Return the same tree where every subtree (of the given tree) not containing a 1 has been removed.
(Recall that the subtree of a node X is X, plus every node that is a descendant of X.)
Example 1:
Input: [1,null,0,0,1]
Output: [1,null,0,null,1]
Explanation:
Only the red nodes satisfy the property "every subtree not containing a 1".
The diagram on the right represents the answer.
Thoughts:
Not a hard problem, but I just want to share the process of how I think up with this solution.
Basically, we are asked to remove all the “useless nodes”. Useless nodes will be the node that doesn’t contain any 1s either itself or in its child nodes, grandchild nodes, and etc.
When we traverse from top to bottom, it is hard to just immediately know we spot a useless node. We can only know the node might be useless if its value is not 1. We still need to traverse all the child nodes of the current node to make sure whether we should keep it or not.
Hence, it is better we traverse from bottom to top.

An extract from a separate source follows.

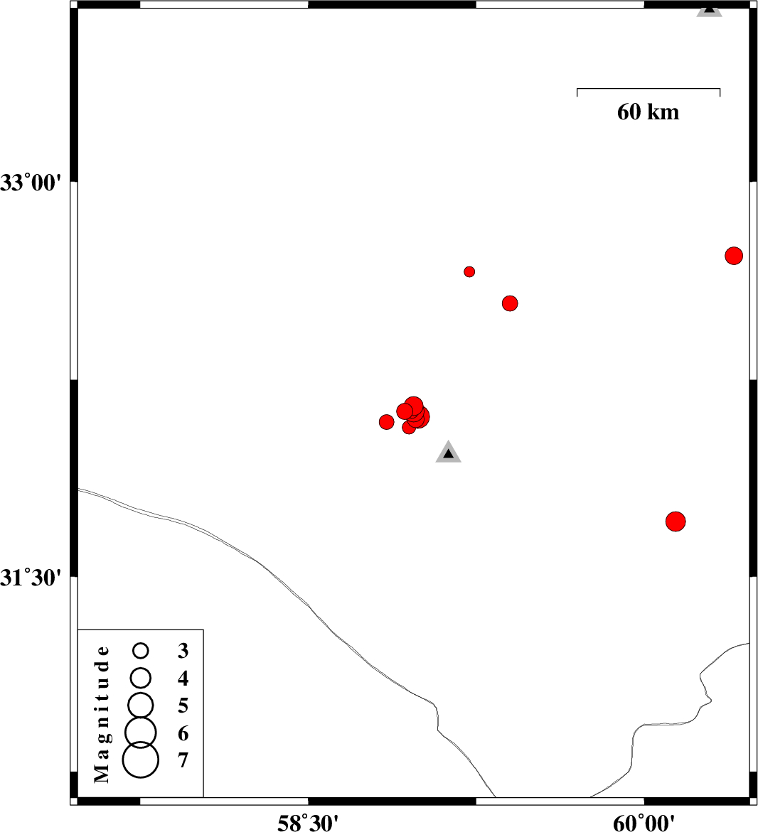 2014/06/16 | 01:34:52.9 | 06:04:52.9 | 31.71 | 60.14 | 18 | ML:3.9 | Khorasan(south) Province, 22 km North-East of Nehbandan | ||

Once we find a useless node, it means its parent node might in danger, i.e., its parent node might also be a useless node if the value of the parent node is 0 AND the parent node has another useless node. VICE VERSA —If we know a node is not a useless node, it means its parent node and grandparent nodes are safe! It’s just like the butterfly effect — whether a node is useless will affect all its parent nodes.
➡️Hence, the easiest way to solve this problem is using recursion so that we can check the leaf node first, and return null if we want to abandon the useless nodes.
Code Logic:
Since we are going to do the recursion, we need to decide our base case:
- If the input node is null, then we can simply return null.
- If the input node is a leaf node, then we can decide whether the current node is a useless node depends on its value. If its value is 0, then we are going to return null and pretend it doesn’t exist.
Ok, so let’s think about what are we going to do when the input node is not null or a leaf node.
Since we need to know whether the current node is useless depends on its two child nodes, we need to first check the status of them before deciding the status of the current node.
After checking the status of its two child nodes, we now need to check again if the current node contains 2 useless nodes. (i.e., see if the current node becomes leaf node since we ignore both its child nodes) Actually, this checking action is exactly the same as one of our base case. To make the whole code more simple and clean, we can actually move our “second base case” to here.
If the current node is not useless, then we just return the current node since we have also done pruning all its child nodes.
Below is the 0ms code that beats 100% —
public TreeNode pruneTree(TreeNode root) {
if(root==null)
return null;
root.left = pruneTree(root.left);
root.right = pruneTree(root.right);
if(root.left==null && root.right==null)//if leaf node
return root.val==0?null:root;
return root;
}